- **SUPPLIED DATA**:

━━━

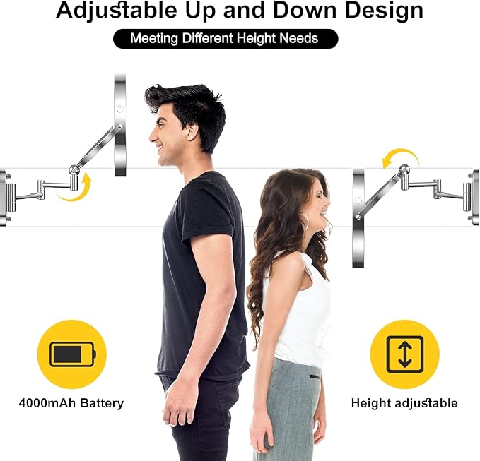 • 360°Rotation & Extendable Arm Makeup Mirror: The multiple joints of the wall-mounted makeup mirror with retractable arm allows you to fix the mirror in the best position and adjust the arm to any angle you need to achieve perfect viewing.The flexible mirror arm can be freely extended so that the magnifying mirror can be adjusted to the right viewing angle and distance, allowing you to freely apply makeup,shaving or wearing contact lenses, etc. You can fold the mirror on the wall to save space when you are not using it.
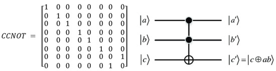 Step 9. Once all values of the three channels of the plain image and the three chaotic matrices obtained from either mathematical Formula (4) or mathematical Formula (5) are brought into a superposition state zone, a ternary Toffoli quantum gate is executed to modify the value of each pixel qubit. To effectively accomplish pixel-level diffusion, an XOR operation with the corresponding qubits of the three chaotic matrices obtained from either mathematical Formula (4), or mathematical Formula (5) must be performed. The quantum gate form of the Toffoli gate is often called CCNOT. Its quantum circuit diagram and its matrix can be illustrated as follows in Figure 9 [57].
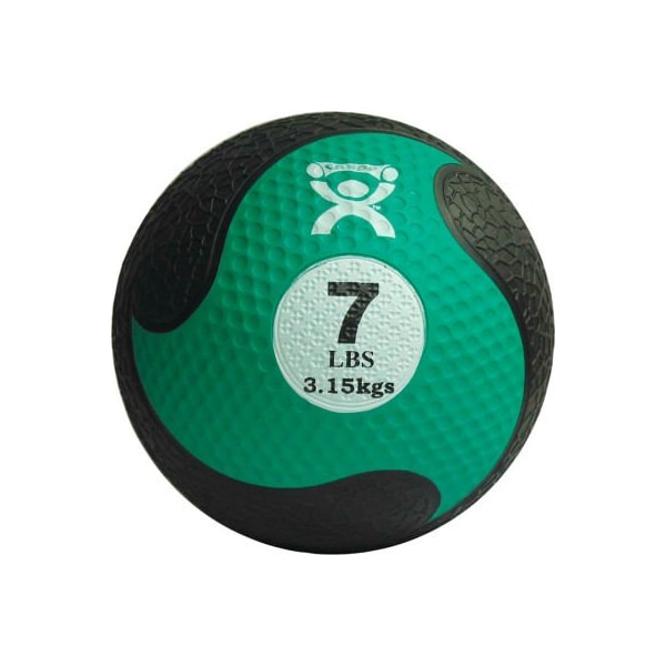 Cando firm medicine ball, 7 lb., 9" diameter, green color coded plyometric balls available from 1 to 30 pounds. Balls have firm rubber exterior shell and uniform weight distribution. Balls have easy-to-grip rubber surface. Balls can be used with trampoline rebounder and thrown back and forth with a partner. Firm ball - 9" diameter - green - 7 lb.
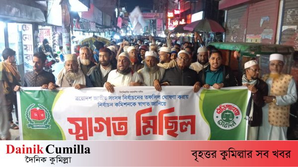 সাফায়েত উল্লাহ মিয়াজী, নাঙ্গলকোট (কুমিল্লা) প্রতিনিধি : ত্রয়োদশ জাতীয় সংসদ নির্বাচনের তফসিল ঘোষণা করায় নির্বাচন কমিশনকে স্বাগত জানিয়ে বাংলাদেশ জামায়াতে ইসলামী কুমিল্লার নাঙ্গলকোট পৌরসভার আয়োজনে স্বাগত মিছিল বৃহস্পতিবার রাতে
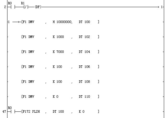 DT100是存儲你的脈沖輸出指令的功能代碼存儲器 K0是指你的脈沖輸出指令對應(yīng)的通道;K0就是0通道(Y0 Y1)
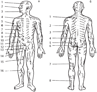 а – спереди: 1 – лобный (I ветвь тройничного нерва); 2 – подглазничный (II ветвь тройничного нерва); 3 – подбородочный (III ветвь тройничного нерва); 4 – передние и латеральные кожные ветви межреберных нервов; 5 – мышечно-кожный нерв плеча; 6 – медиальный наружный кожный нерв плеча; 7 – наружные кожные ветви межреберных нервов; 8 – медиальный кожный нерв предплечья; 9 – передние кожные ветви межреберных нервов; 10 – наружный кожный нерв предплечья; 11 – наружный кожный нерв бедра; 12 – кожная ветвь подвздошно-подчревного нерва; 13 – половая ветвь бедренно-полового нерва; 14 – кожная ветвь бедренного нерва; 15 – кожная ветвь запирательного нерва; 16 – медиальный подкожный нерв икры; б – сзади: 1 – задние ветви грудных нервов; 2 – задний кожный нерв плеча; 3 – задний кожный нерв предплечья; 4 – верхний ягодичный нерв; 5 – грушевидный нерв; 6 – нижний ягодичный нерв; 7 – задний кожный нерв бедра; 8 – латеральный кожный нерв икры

━━━

- **REQUIRED ACTION**:
What the answer needs is every record above, exactly as written, and no pictures.

- **COMPLETED EXERCISE**:
 • 360°Rotation & Extendable Arm Makeup Mirror: The multiple joints of the wall-mounted makeup mirror with retractable arm allows you to fix the mirror in the best position and adjust the arm to any angle you need to achieve perfect viewing.The flexible mirror arm can be freely extended so that the magnifying mirror can be adjusted to the right viewing angle and distance, allowing you to freely apply makeup,shaving or wearing contact lenses, etc. You can fold the mirror on the wall to save space when you are not using it.
 Step 9. Once all values of the three channels of the plain image and the three chaotic matrices obtained from either mathematical Formula (4) or mathematical Formula (5) are brought into a superposition state zone, a ternary Toffoli quantum gate is executed to modify the value of each pixel qubit. To effectively accomplish pixel-level diffusion, an XOR operation with the corresponding qubits of the three chaotic matrices obtained from either mathematical Formula (4), or mathematical Formula (5) must be performed. The quantum gate form of the Toffoli gate is often called CCNOT. Its quantum circuit diagram and its matrix can be illustrated as follows in Figure 9 [57].
 Cando firm medicine ball, 7 lb., 9" diameter, green color coded plyometric balls available from 1 to 30 pounds. Balls have firm rubber exterior shell and uniform weight distribution. Balls have easy-to-grip rubber surface. Balls can be used with trampoline rebounder and thrown back and forth with a partner. Firm ball - 9" diameter - green - 7 lb.
 সাফায়েত উল্লাহ মিয়াজী, নাঙ্গলকোট (কুমিল্লা) প্রতিনিধি : ত্রয়োদশ জাতীয় সংসদ নির্বাচনের তফসিল ঘোষণা করায় নির্বাচন কমিশনকে স্বাগত জানিয়ে বাংলাদেশ জামায়াতে ইসলামী কুমিল্লার নাঙ্গলকোট পৌরসভার আয়োজনে স্বাগত মিছিল বৃহস্পতিবার রাতে
 DT100是存儲你的脈沖輸出指令的功能代碼存儲器 K0是指你的脈沖輸出指令對應(yīng)的通道;K0就是0通道(Y0 Y1)
 а – спереди: 1 – лобный (I ветвь тройничного нерва); 2 – подглазничный (II ветвь тройничного нерва); 3 – подбородочный (III ветвь тройничного нерва); 4 – передние и латеральные кожные ветви межреберных нервов; 5 – мышечно-кожный нерв плеча; 6 – медиальный наружный кожный нерв плеча; 7 – наружные кожные ветви межреберных нервов; 8 – медиальный кожный нерв предплечья; 9 – передние кожные ветви межреберных нервов; 10 – наружный кожный нерв предплечья; 11 – наружный кожный нерв бедра; 12 – кожная ветвь подвздошно-подчревного нерва; 13 – половая ветвь бедренно-полового нерва; 14 – кожная ветвь бедренного нерва; 15 – кожная ветвь запирательного нерва; 16 – медиальный подкожный нерв икры; б – сзади: 1 – задние ветви грудных нервов; 2 – задний кожный нерв плеча; 3 – задний кожный нерв предплечья; 4 – верхний ягодичный нерв; 5 – грушевидный нерв; 6 – нижний ягодичный нерв; 7 – задний кожный нерв бедра; 8 – латеральный кожный нерв икры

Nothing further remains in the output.